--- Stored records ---
*** Block opens ***
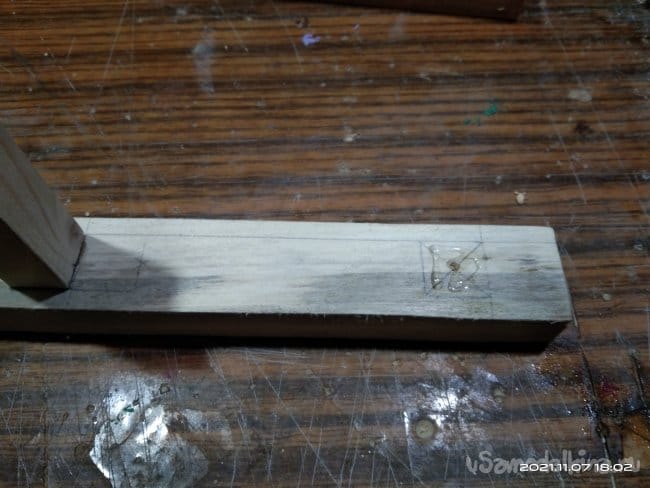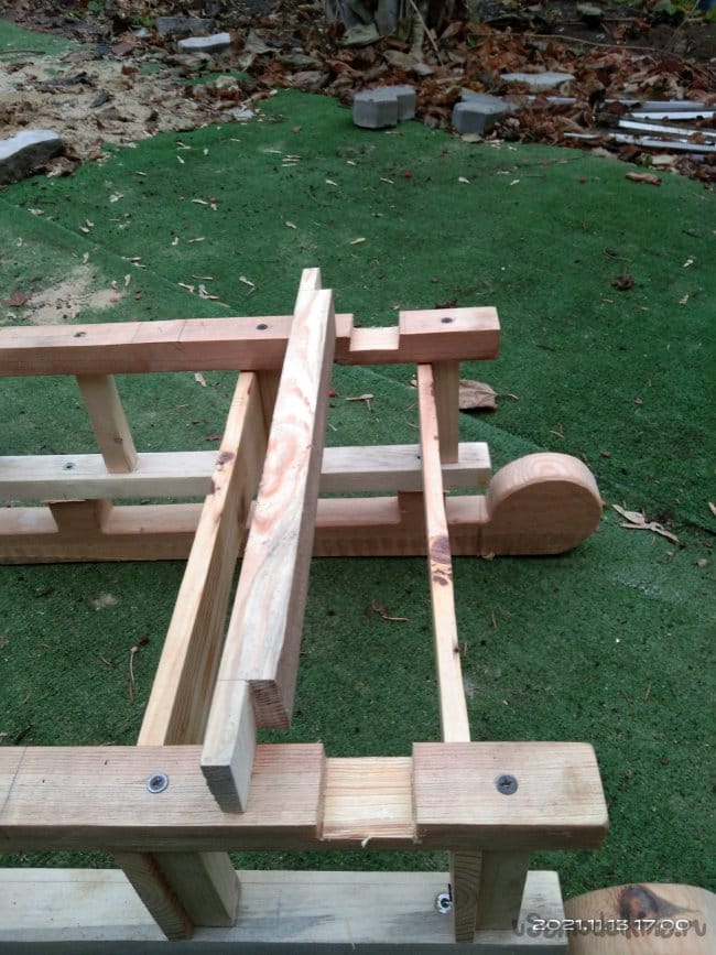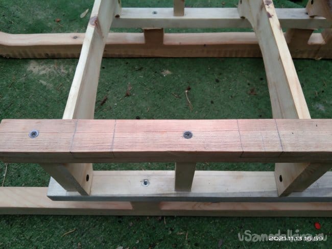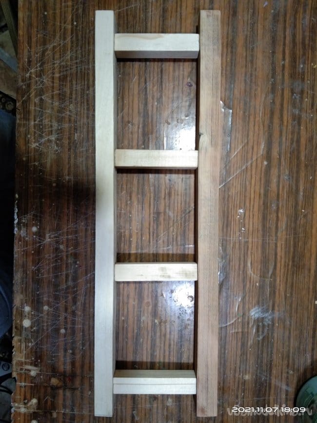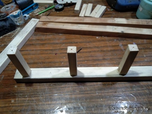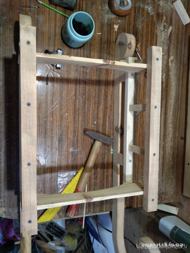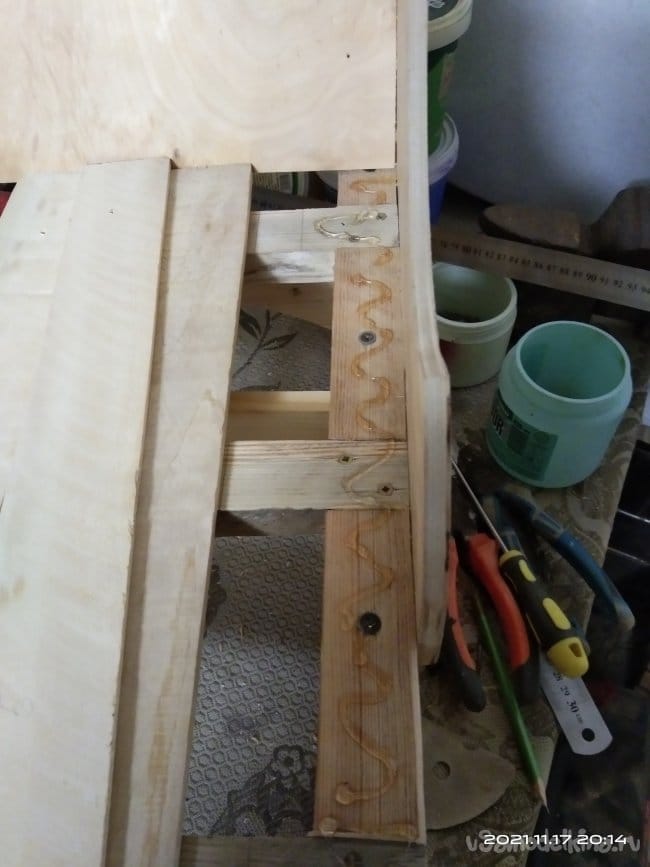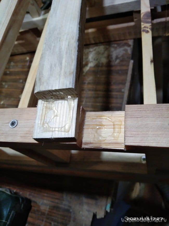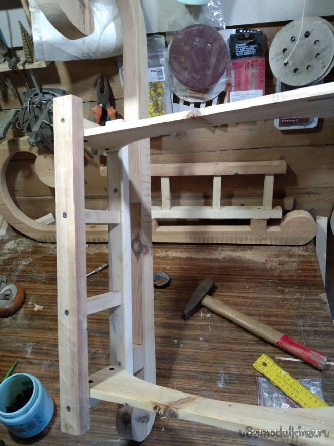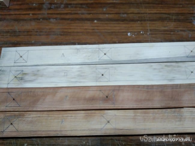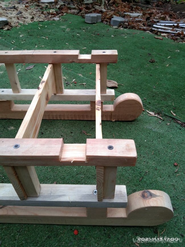 Следующий этап — это наращивание стенок полозьев, для того, чтобы имелась возможность установить на них сиденье санок. Для этого на циркулярной пиле были нарезаны бруски размером 30*30 мм. Их нужно 4 штуки, по два с каждой стороны. Так же сделал 8 брусков, необходимых для дальнейшей работы. Чтобы собрать все это воедино, делаю разметку для отверстий. высверлить их необходимо очень ровно, чтобы в процессе вкручивания саморезов они не ушли в сторону и не получился перекос. Делал это с помощью сверлильного станка. Далее детали смазываю клеем и сильно прижимаю друг к другу. Это особенность этого клея. Чтобы склеиваемые детали сцепились между собой нужно сильно прижать. Важное значение имеет именно сила, а не время ее воздействия на заготовки. Затем в заготовки через высверленные заранее отверстия закручиваю саморезы. Получаются две детали, напоминающие лестницу. Во время распиловки заготовок, обратил внимание на интересную особенность древесины. Практически все санки сделаны из сосны. Дерево хорошо просушенное, не мокрое. Но вот детали сделанные из сосны, но от разных заготовок, досок с которых они напилены, различаются не только по цвету, но и по весу и плотности. На фото они более темного, благородного оттенка. Почему так?
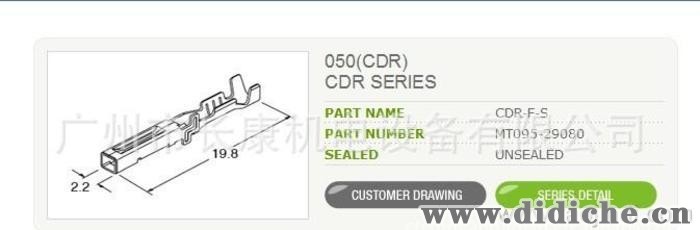 TYPE FEATURESTYPE050(CDR)SERIESCDRMATERIALCOPPER ALLOYKINDTERMINALFINISHTINMALE FEMALEFEMALEAWG#24-22APPLICABLE WIRE SIZE(?)AVS 0.2 ~ 0.3
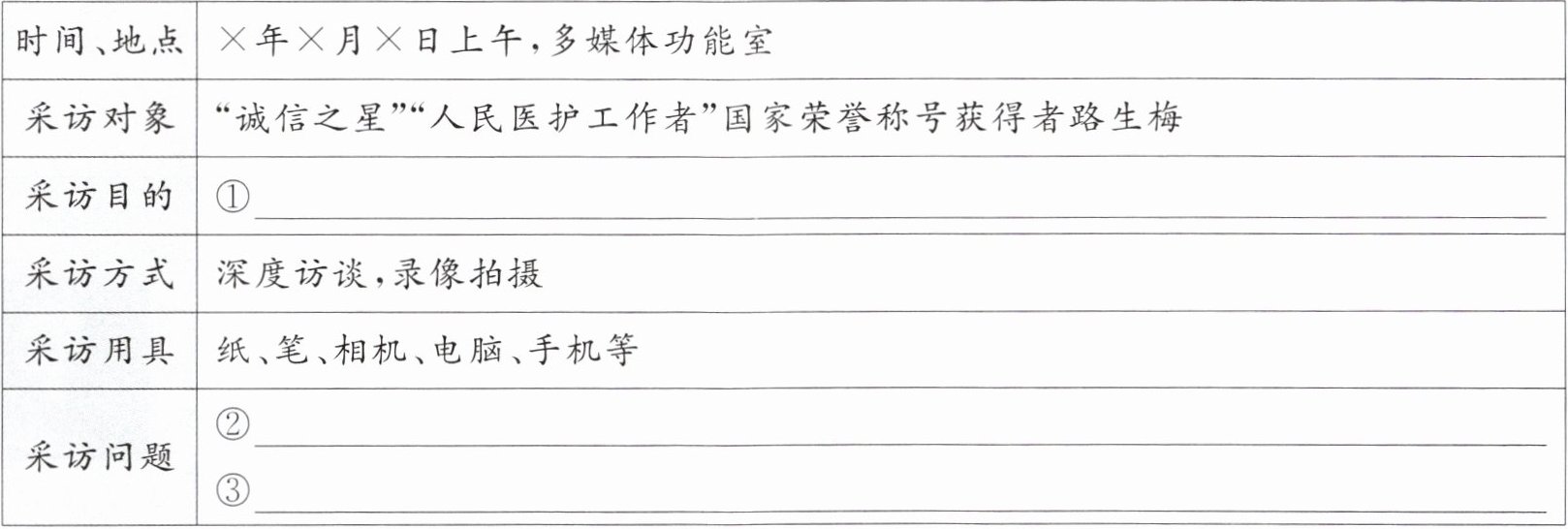 3.【完善采访】为勉励青年向英雄学习,时事速递团成员决定视频采访英雄模范路生梅,请结合“人物通讯”完善采访提纲。(3 分)
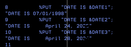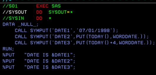 To start with, will see how to set dates using SYMPUT. The output will be displayed in SASLOG in spool. Anyway the variables, (&DATE1/2/3) can be used in the code diligently as and when needed. Even it can be used to override the current date in SAS in header and FOOTER
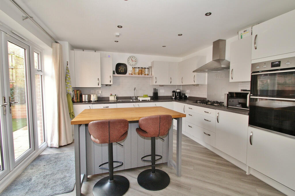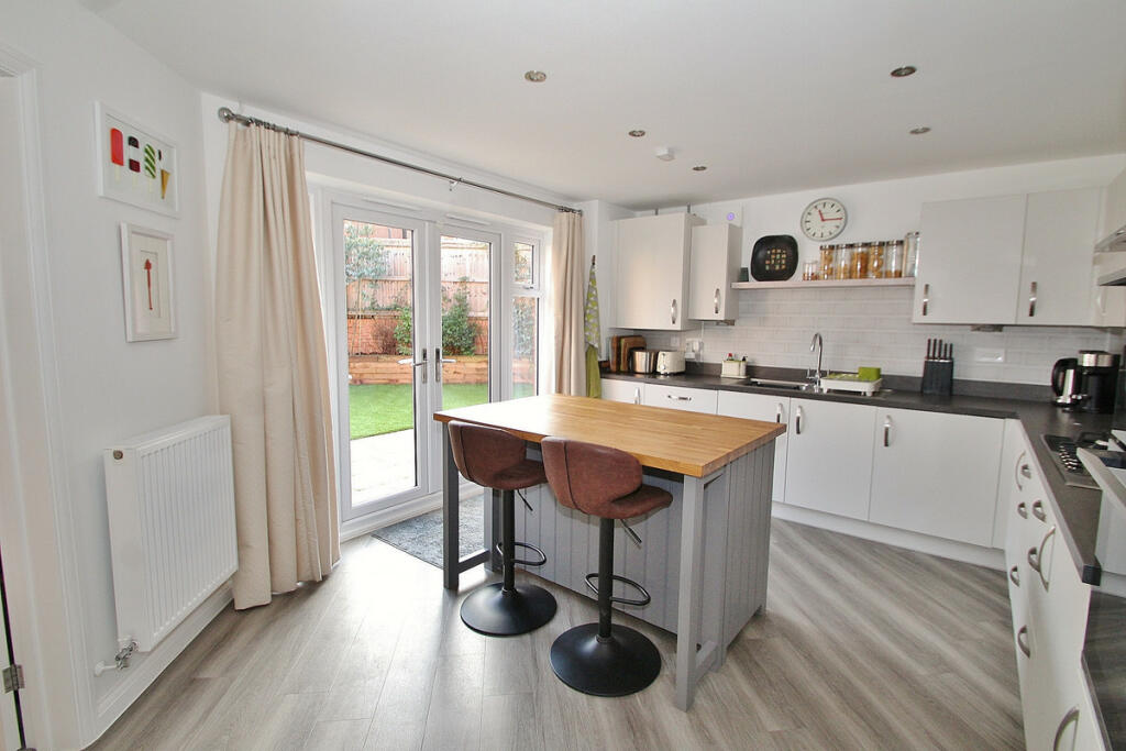 Built in 2021 by David Wilson Homes and forming part of a highly regarded development, a very well presented 4 bedroom detached house. Cloakroom, 2 separate reception rooms, kitchen/breakfast room, en-suite, bathroom, garage , driveway, pleasant gardens
*** Block closes ***
--- WHAT NEEDS TO BE DONE ---
Working from the line with "3.【完善采访】为勉励青年向" down through the last line of the records, give every line again exactly, but no pictures.

--- RESULT OF THIS EXERCISE ---
 3.【完善采访】为勉励青年向英雄学习,时事速递团成员决定视频采访英雄模范路生梅,请结合“人物通讯”完善采访提纲。(3 分)
 To start with, will see how to set dates using SYMPUT. The output will be displayed in SASLOG in spool. Anyway the variables, (&DATE1/2/3) can be used in the code diligently as and when needed. Even it can be used to override the current date in SAS in header and FOOTER
 Built in 2021 by David Wilson Homes and forming part of a highly regarded development, a very well presented 4 bedroom detached house. Cloakroom, 2 separate reception rooms, kitchen/breakfast room, en-suite, bathroom, garage , driveway, pleasant gardens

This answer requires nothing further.